The affenpinscher is square-proportioned, compact and sturdy, with medium bone. It is a smaller version of a working terrier, and as such is not a delicate dog. This is an active, tough dog that is agile enough to catch and dispatch rats and mice. Its gait is light, sound and confident. The affenpinscher has a monkeylike facial expression with long eyebrows and beard, which lends it an air of comic seriousness. This breed's rough coat is about 1 inch long on its body and somewhat longer on its head, neck, chest, stomach and legs. The coat type provided protection from vermin and harsh conditions.
The affenpinscher lives up to its name — "monkey terrier" — in both looks and actions. A terrier at heart, it is busy, inquisitive, bold and stubborn, but it also loves to monkey around, being playful and mischievous. It tends to bark and even climb. Unlike most terriers, it is fairly good with other dogs and pets. This little dog is best with a family that likes entertainment and has a very good sense of humor.
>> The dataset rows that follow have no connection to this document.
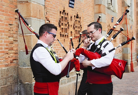 | Des joueurs de cornemuse bretons sur le parvis de l’église Notre-Dame de HCM-Ville. |
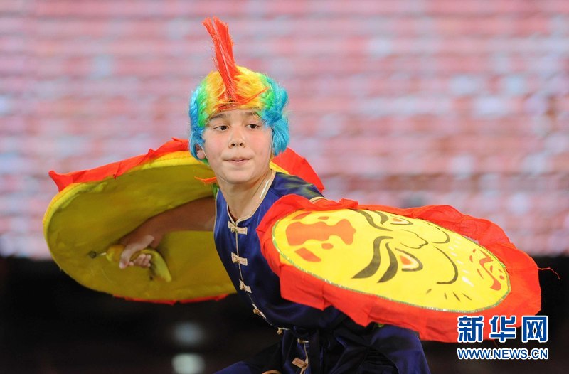 1月18日晚,烏茲別克斯坦首都塔什干人民友誼宮,烏茲別克斯坦中華民族文化中心武術(shù)隊(duì)隊(duì)員在表演武術(shù)。
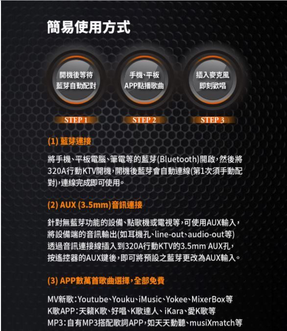 320A plus配備無線藍芽接收,一開機即自動連線,使用簡易方便。主機同時提供AUX音訊輸入,可連接電視、伴唱機、及任何設備的耳機或音訊輸出。
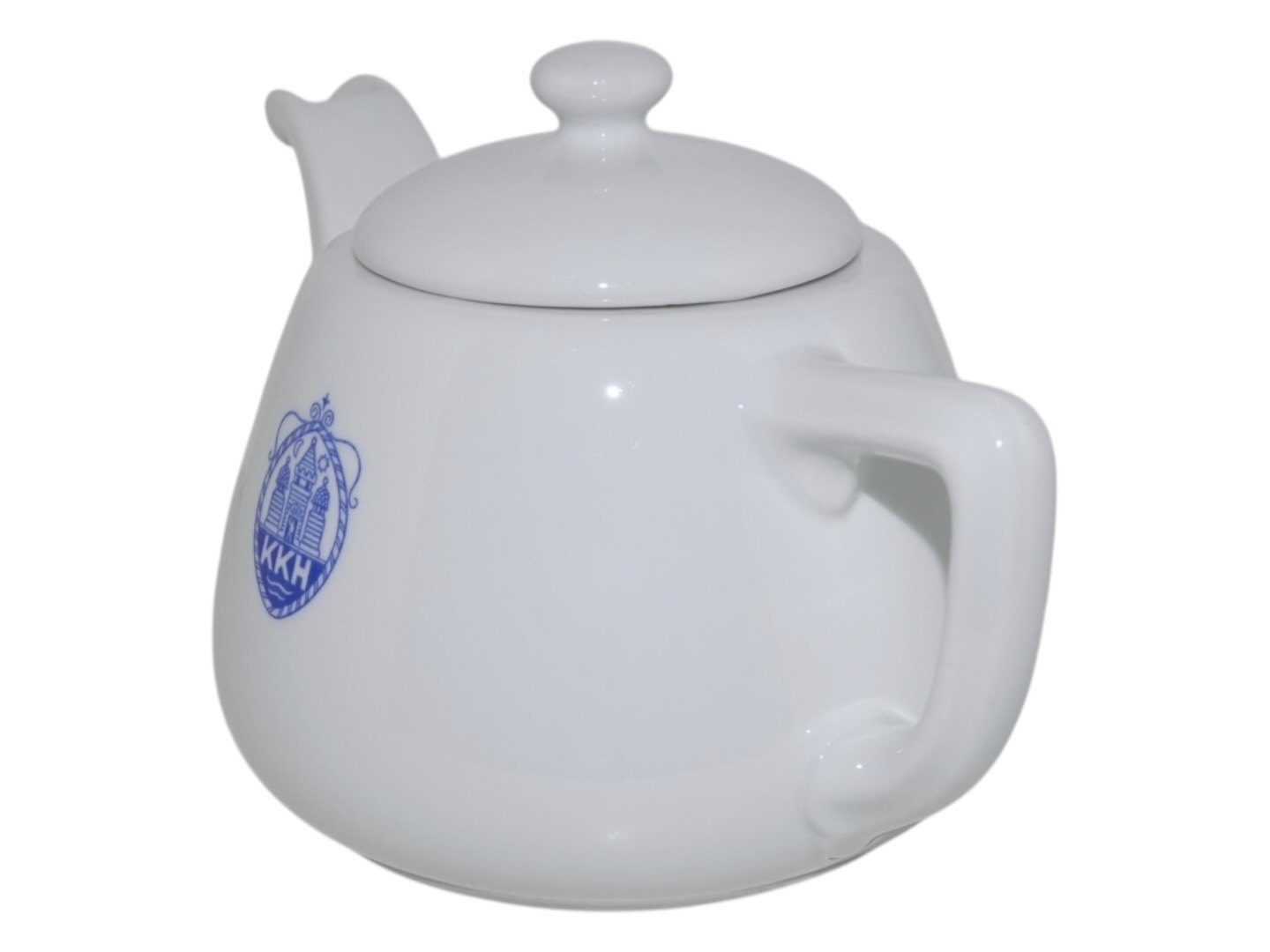 Royal Copenhagen, lille hvid tekande i tykt hotelporcelæn med logo fra Københavns Kommune Hospital (KKH).1. sortering.
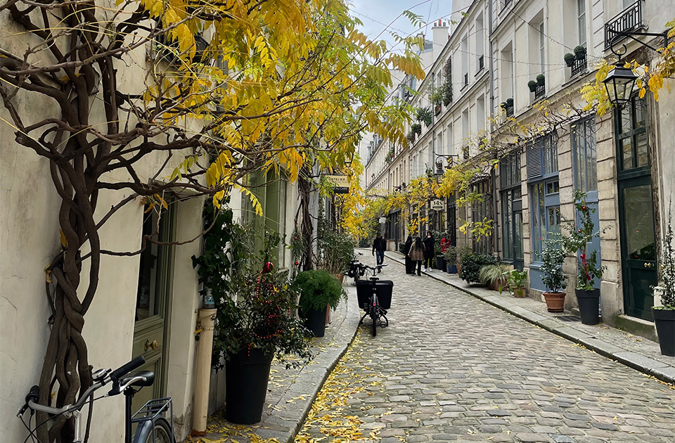 バスチーユ広場の直ぐ裏にある小道。住居や小さな事務所やアトリエが並ぶこのかわいい小さな通りは夜になると道の両端の門が閉まって完全な私道になります。
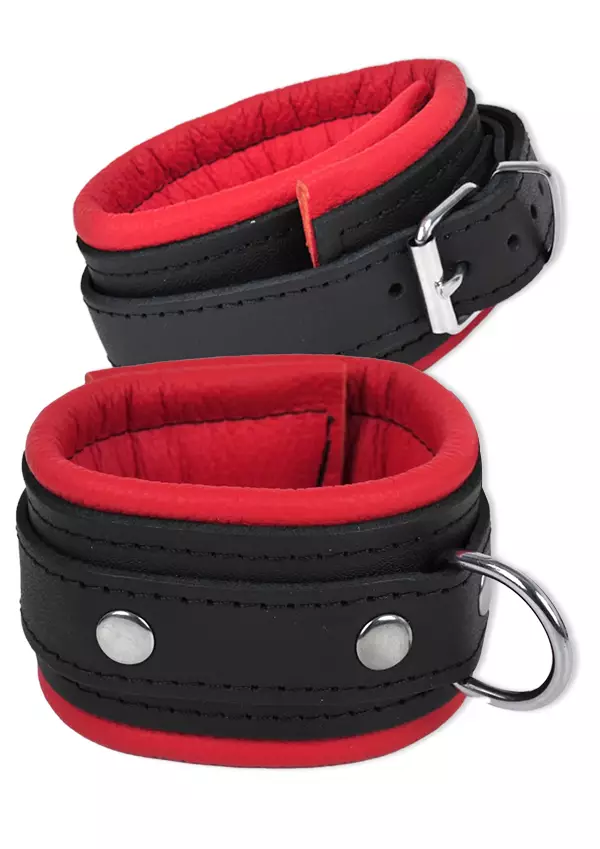 Kiotos sarjan nahkaiset nkäsikahleet. Sisäpuoli on pehmustettu punaisella, pehmeällä nahalla. D-renkaaseen voit kiinnittää ketjuja tai mukana tulevan karbiinihaan. Sarjassa myös yhteensopivat nilkkakahleet sekä kaulapanta.
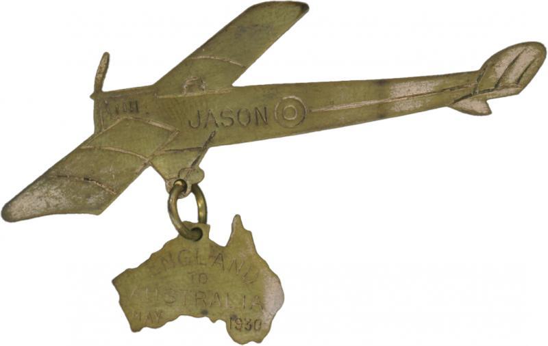 Badges commemorative badge 71x38mm in brass recognising Amy Johnson's flight from England to Australia in May 1930. Very fine and extremely rare. [Amy Johnson was the first woman to fly solo from England to Australia]. (Image1)
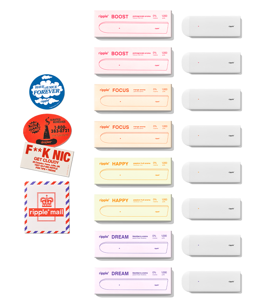 Hell no. Ripple is a portable aromatic inhaler which, is totally nicotine-free and non-addictive. Which, is why we’re here, doing our plant-powered thing! Our next-gen aromatic diffusers are designed to help with oral fixation by replicating that hand-to-mouth gesture associated with smoking. The difference? We don’t use nicotine; we use plant extracts and natural aromas to transport you to a puff-able, non-addictive utopia. Sweet!
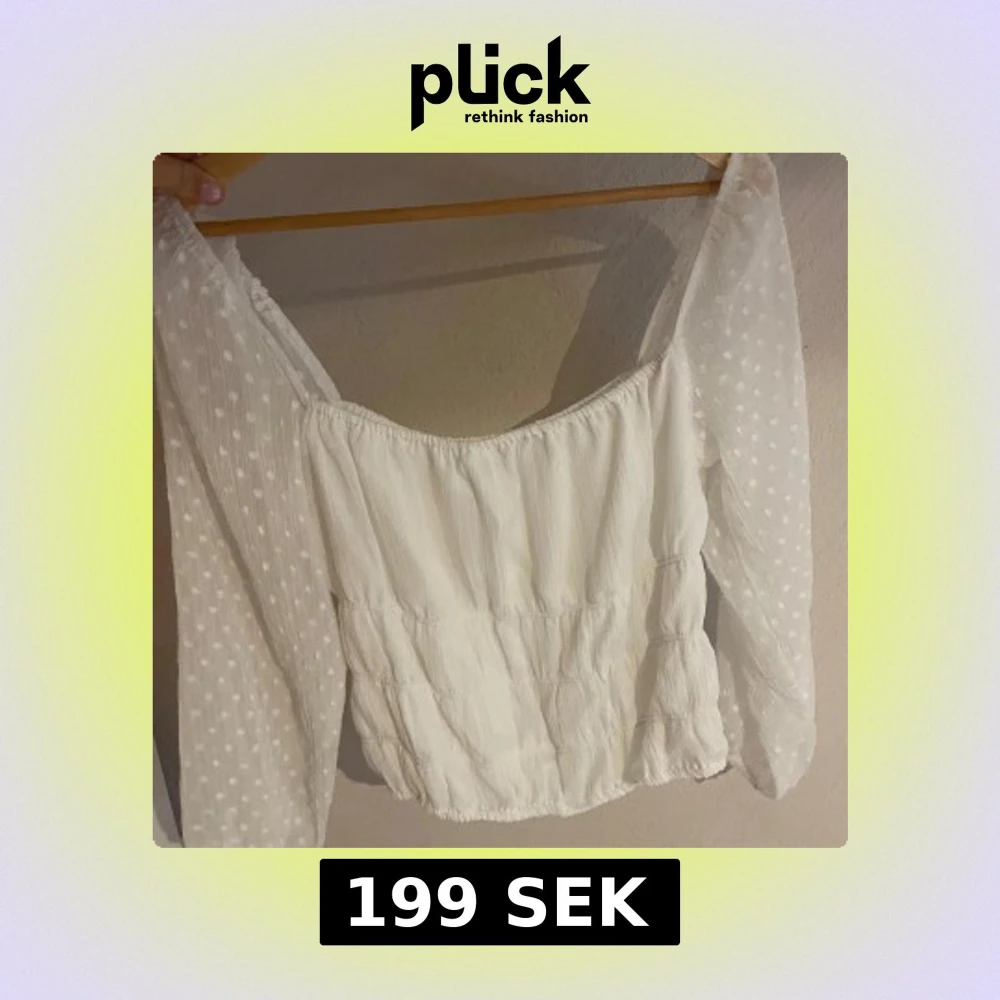 Supersöt vit blus från Bubbleroom med transparenta, långärmade ärmar i prickigt tyg. Blusen har en rak, något croppad passform och resår vid halsringning och nederkant. Perfekt för dig som gillar romantiska och trendiga detaljer.

The affenpinscher's name describes it well: affen, meaning "monkey," and pinscher, meaning "terrier." In France the affenpinscher is known as the diablotin moustachu — "moustached little devil" — which also aptly describes it! As one of the oldest toy breeds, the affenpinscher's origins are obscure. Paintings by the old Dutch masters from the 15th century often included dogs resembling affenpinschers, but more definite evidence of the breed is absent. Small terriers adept at dispatching rats were abundant in central Europe by the 17th century. In Germany, they were used to rid stables and kitchens of rodents. Even smaller versions of these dogs were preferred for ladies' lap dogs, as they were able to kill mice in the home, warm their mistress' laps and amuse entire households with their antics. This small version eventually became the affenpinscher, which was later refined by occasional crosses with the pug, German pinscher and German silky pinscher. The affenpinscher in turn became the progenitor of other wire-coated toys, most notably the Brussels griffon. The breed was most popular in Germany, which can lay claim as its homeland. In 1936 the AKC recognized the affenpinscher, but World War II slowed any momentum in popularity the breed had gained. Since then, the breed has remained extremely rare even in America and Germany, its comparative strongholds.